━━ Data in this exercise ━━

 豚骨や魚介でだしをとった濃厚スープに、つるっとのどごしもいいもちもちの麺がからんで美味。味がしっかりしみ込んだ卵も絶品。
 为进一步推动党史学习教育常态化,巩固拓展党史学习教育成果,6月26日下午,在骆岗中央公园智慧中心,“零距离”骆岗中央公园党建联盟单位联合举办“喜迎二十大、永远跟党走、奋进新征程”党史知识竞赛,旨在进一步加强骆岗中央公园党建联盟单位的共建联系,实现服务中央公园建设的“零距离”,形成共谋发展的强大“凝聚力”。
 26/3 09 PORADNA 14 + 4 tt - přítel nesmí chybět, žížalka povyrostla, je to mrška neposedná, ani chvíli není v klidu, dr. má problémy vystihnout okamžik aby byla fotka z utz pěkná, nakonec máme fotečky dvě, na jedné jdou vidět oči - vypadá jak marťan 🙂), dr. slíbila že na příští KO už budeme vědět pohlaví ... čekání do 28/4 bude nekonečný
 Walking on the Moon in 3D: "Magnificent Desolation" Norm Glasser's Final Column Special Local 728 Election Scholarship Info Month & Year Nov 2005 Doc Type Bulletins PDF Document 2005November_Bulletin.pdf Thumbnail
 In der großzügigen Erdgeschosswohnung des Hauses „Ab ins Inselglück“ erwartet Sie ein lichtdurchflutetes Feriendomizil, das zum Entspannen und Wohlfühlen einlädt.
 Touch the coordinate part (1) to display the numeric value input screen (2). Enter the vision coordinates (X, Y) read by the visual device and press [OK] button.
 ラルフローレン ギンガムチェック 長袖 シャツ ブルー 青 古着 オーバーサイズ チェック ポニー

━━━

Problem to solve:
Nothing in the material above may be skipped, so reproduce it all exactly.

Task result:
 豚骨や魚介でだしをとった濃厚スープに、つるっとのどごしもいいもちもちの麺がからんで美味。味がしっかりしみ込んだ卵も絶品。
 为进一步推动党史学习教育常态化,巩固拓展党史学习教育成果,6月26日下午,在骆岗中央公园智慧中心,“零距离”骆岗中央公园党建联盟单位联合举办“喜迎二十大、永远跟党走、奋进新征程”党史知识竞赛,旨在进一步加强骆岗中央公园党建联盟单位的共建联系,实现服务中央公园建设的“零距离”,形成共谋发展的强大“凝聚力”。
 26/3 09 PORADNA 14 + 4 tt - přítel nesmí chybět, žížalka povyrostla, je to mrška neposedná, ani chvíli není v klidu, dr. má problémy vystihnout okamžik aby byla fotka z utz pěkná, nakonec máme fotečky dvě, na jedné jdou vidět oči - vypadá jak marťan 🙂), dr. slíbila že na příští KO už budeme vědět pohlaví ... čekání do 28/4 bude nekonečný
 Walking on the Moon in 3D: "Magnificent Desolation" Norm Glasser's Final Column Special Local 728 Election Scholarship Info Month & Year Nov 2005 Doc Type Bulletins PDF Document 2005November_Bulletin.pdf Thumbnail
 In der großzügigen Erdgeschosswohnung des Hauses „Ab ins Inselglück“ erwartet Sie ein lichtdurchflutetes Feriendomizil, das zum Entspannen und Wohlfühlen einlädt.
 Touch the coordinate part (1) to display the numeric value input screen (2). Enter the vision coordinates (X, Y) read by the visual device and press [OK] button.
 ラルフローレン ギンガムチェック 長袖 シャツ ブルー 青 古着 オーバーサイズ チェック ポニー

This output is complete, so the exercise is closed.